If a judge is faced with irreconcilable affidavit evidence and no oral evidence is available, or, as in this case, there was no application to call it, how does the judge resolve the disputed evidence? It may turn out not to be crucial to the decision, thus not requiring a determination. If the issue has to be faced on disputed non-oral evidence, the judge has to look to see if there is independent extraneous evidence in support of one side. That evidence has, in my judgement, to be compelling before the judge is entitled to reject the sworn testimony of a deponent. Alternatively, the evidence contained within the affidavit may in itself be inherently improbable and therefore so unreliable that the judge is entitled to reject it. If, however, there are no grounds for rejecting the written evidence on either side, the applicant will have failed to establish his case."
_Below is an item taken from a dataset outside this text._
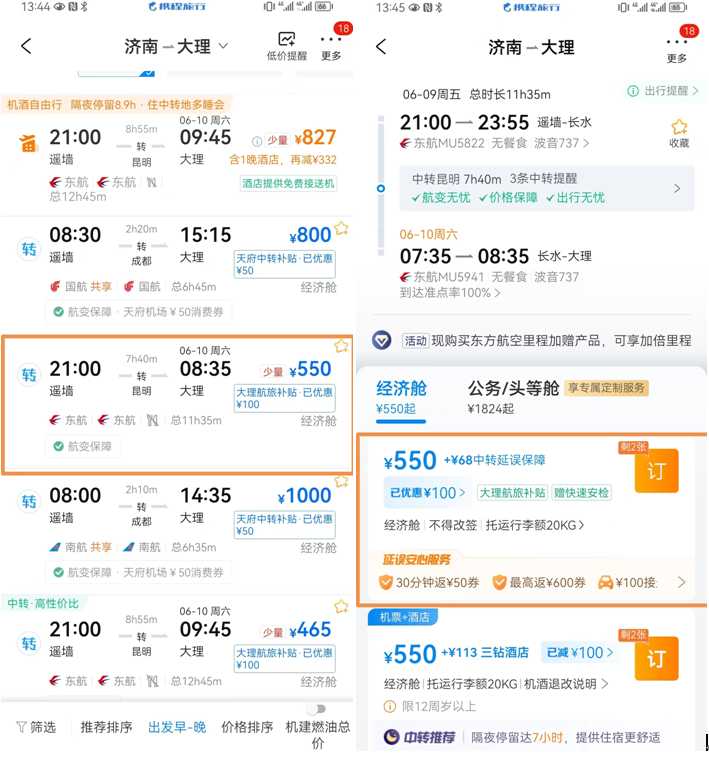 打開攜程旅行APP“機票”頻道,搜索云南臨滄、云縣、巍山、保山、永平、漾濞、祥云、楚雄、南華、鶴慶、麗江等11個站點的進(jìn)出港行程,點擊“查詢”進(jìn)入產(chǎn)品列表頁,選擇“火車+飛機”中轉(zhuǎn)產(chǎn)品,選購帶有“大理航旅補貼”優(yōu)惠標(biāo)簽產(chǎn)品,下單即享高鐵票價二等座票價全額減免,最高可減免101元。

[12] Certain observations on the reception of affidavit evidence in Convention cases were also made by Lord Carloway at para 36 of his opinion in D v D 2001 FamLR 66 at p 67. His Lordship stated as follows:

"Applications under the Convention are proceeded with under petition procedure because of its summary and expeditious nature. The rules concerning the admission of affidavits, which remain unusual in Scots practice, are intended to avoid, if at all possible, the need for oral evidence because of the potential delay that the receipt of such testimony can cause. It will usually be possible for the court to reach a view on the essential facts of the case by looking at the contents of the affidavits and the productions. I have found that to be the situation in this case. Where there is a conflict between the affidavits, the court may be able to resolve these conflicts by, for example, determining which version is the more inherently probable or is supported by extraneous evidence (see Re F (A Minor) (Child Abduction), Butler-Sloss LJ at [1992] 1 FLR p553). If, however, the court wishes clarification or expansion in certain points in the affidavits or productions then I can see no prohibition in the rules prohibiting it from taking into account ex parte statements. It may deem it appropriate to obtain a further affidavit or even order oral testimony on a point in certain cases, but in the normal case the court should be able to reach a view with expedition rather than delaying matters for the production of formal proof. If it can reasonably and fairly do so, in a summary procedure, by taking into account what is said at the bar then it should do so, albeit it may have to take some care when assessing the content of what is said where it is not supported by affidavit or other evidence and even more care if it is contradicted by such evidence."

The father's case

[13] The father avers that he and the mother agreed that she would spend a period on holiday in Scotland with the children from June 2005 and that she and the children would return to the Netherlands on or before 28 September 2005, the date of his mother's birthday. The mother left the Netherlands with the children on 18 June 2005 and failed to return there with them on or before 28 September 2005. She retained the children in Scotland without his consent and has made it clear that she has no intention of returning the children to the Netherlands. In December 2005 she raised an action against him in Inverness Sheriff Court seeking residence and interdict against him removing the children from the sheriffdom. That action was sisted on 26 January 2006. The retention of the children in the United Kingdom by the mother was in breach of his custody rights and is accordingly wrongful in terms of article 3 of the Convention and he seeks an order for their return in terms of article 12. In the course of the second hearing, following upon discussion of the matter, the father amended the petition to aver that, if there was no agreement between the parties to the effect that the mother would spend a period in Scotland with the children from June 2005 and return to the Netherlands on or before 28 September 2005 (which is denied), the removal of the children from the Netherlands on 18 June 2005 was in breach of his custody rights and accordingly wrongful in terms of article 3 of the Convention.

The mother's case

[14] The mother avers that the father acquiesced in the removal or retention of the children in terms of article 13 of the Convention.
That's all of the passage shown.